**Dataset extract:**

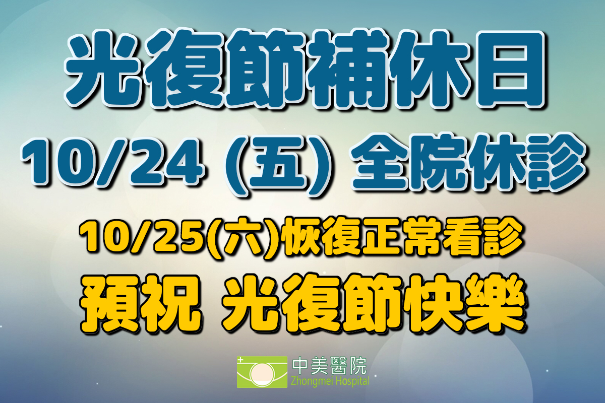本院將於10月24日(星期五)光復節補休日全院停診,10月25日(星期六)恢復正常看診~ 造成不便,敬請見諒!預祝光復節快樂,身體健康
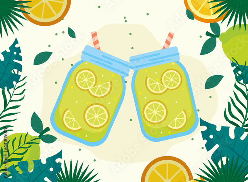 Šablona návrhu reklamního plakátu na nealkoholické nápoje. Vektorové realistické hliníkové plechovky se štítkem, plátky citronu, stříkající citrusovou šťávou a kopírovacím prostorem.
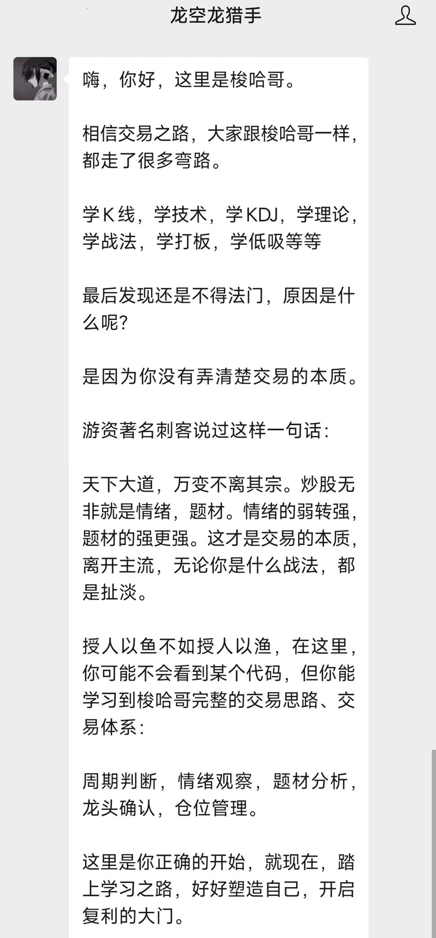 授人以鱼不如授人以渔,在这里,你可能不会看到某个代码,但你能学习到梭哈哥完整的交易思路、交易体系:

**Exercise details:** Word for word, write out the full listing, leaving the pictures aside.

**Final answer:**
本院將於10月24日(星期五)光復節補休日全院停診,10月25日(星期六)恢復正常看診~ 造成不便,敬請見諒!預祝光復節快樂,身體健康
 Šablona návrhu reklamního plakátu na nealkoholické nápoje. Vektorové realistické hliníkové plechovky se štítkem, plátky citronu, stříkající citrusovou šťávou a kopírovacím prostorem.
 授人以鱼不如授人以渔,在这里,你可能不会看到某个代码,但你能学习到梭哈哥完整的交易思路、交易体系:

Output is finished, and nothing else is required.